There are deep historical connections between India and Turkey. However, India also extended support in the 1920s to Turkey's War of Independence and the formation of the Turkish republic. Mahatma Gandhi himself took a stand against the injustices inflicted on Turkey at the end of World War I.

Turkey recognised India right after its declaration of independence on 15 August 1947 and diplomatic relations were established between the two countries. As Turkey was part of the Western Alliance and India of the Non-Aligned Movement during the Cold War era, the bilateral relations did not develop at a desired pace. However, since the end of the Cold War era, both sides put in effort in developing their bilateral relations in every field. In contemporary times, relations between India and Turkey have been strained due to Turkey's religious mutuality with Pakistan. Until recently, Turkey was a vocal advocate of Pakistan's position on the Kashmir dispute. Turkey was also one of the few opponents to India's inclusion into the Nuclear Suppliers Group. India's GMR Group is one of the main stakeholders in the new Sabiha Gökçen International Airport in İstanbul. Both the countries are members of the G20 group of major economies, where the two countries have closely cooperated on the management of the world economy. Bilateral trade in July 2012 stood at US$7.5 billion, a figure that is expected to double to US$15 billion by 2015. Strategically too, there are growing areas of consensus. On Afghanistan, Turkey had taken the lead in 2011 to begin the Istanbul Process to find meaningful and sustainable solutions to Afghanistan's problems. The Istanbul Process culminated in the annual "Heart of Asia" regional conference on Afghanistan held in Kazakhstan's former capital, Almaty, with both India and Turkey playing important roles. In the context of the planned 2014 withdrawal of NATO and US troops from Afghanistan, the need for Delhi and Ankara to intensify dialogue over Afghanistan has acquired a particular importance.
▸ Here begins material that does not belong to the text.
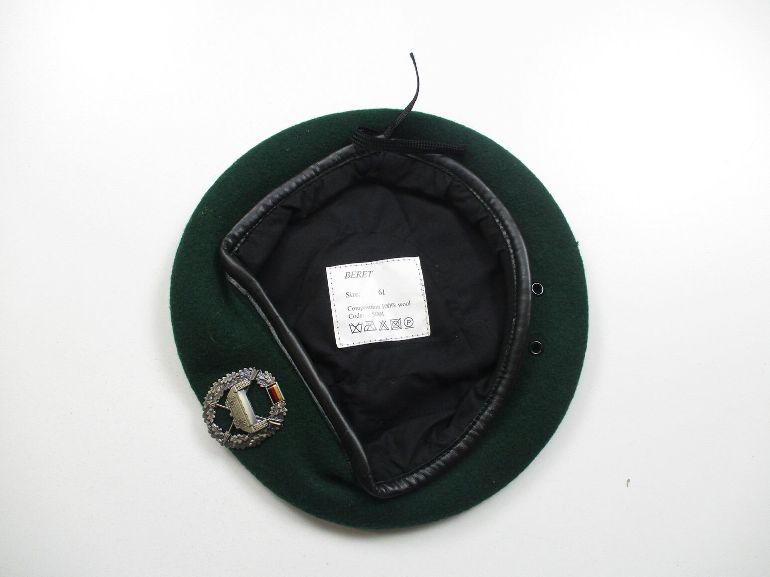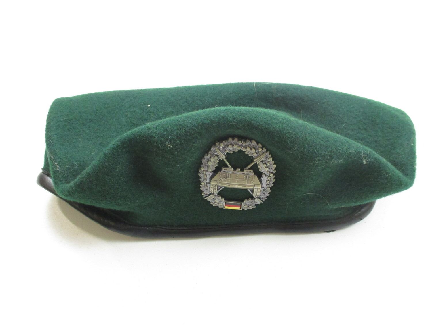 WEST GERMANY MILITARY BERET WITH TANK DESTROYER BADGE, (1) GREEN WOOL BERET WITH TANK DESTROYER BADGE ATTACHED, CAP MARKED: "BERET, SIZE: 61, CODE: S001", ETC. SEE PHOTOS.

In September 2019, Turkey had criticized India on the issue of Jammu and Kashmir and the revocation of article 370. It made vocal comments against India at the United Nations. Thereby it favoured the position of Pakistan in this respect. Due to this the relationship between India and Turkey are strained.

India condemned Turkey for its military offensive into north-eastern Syria, claiming it would undermine regional stability and the fight against terrorism. India also called upon Turkey to exercise restraint and respect the sovereignty and territorial integrity of Syria.

On 24 December 2020, Turkish authorities shutdown a website which according to Pakistani officials, was operated by India and used propaganda against Pakistan.

Turkey has repeatedly condemned attacks on Indian forces by Naxalites during the Naxalite–Maoist insurgency, which India has claimed have links to groups involved in the Maoist insurgency in Turkey.

Bilateral trade relations

The bilateral trade relations started its new phase and both sides emphasised the importance of developing bilateral cooperation programmes with the aim to enhance their commercial relations on a mutually beneficial and sustainable basis. However, as the world's second-most populous country, India's progress in gaining importance in the global economy and international politics since the 1990s has led to Turkey's quest to develop a new strategy for South Asia. Turkey has also begun to prioritise India in South Asian politics while preserving its traditionally good relations with Pakistan and Bangladesh. In recent years, the relations between the two countries have warmed due to common strategic goals, and there is a growing bilateral cooperation in the fields of education, technology and commerce.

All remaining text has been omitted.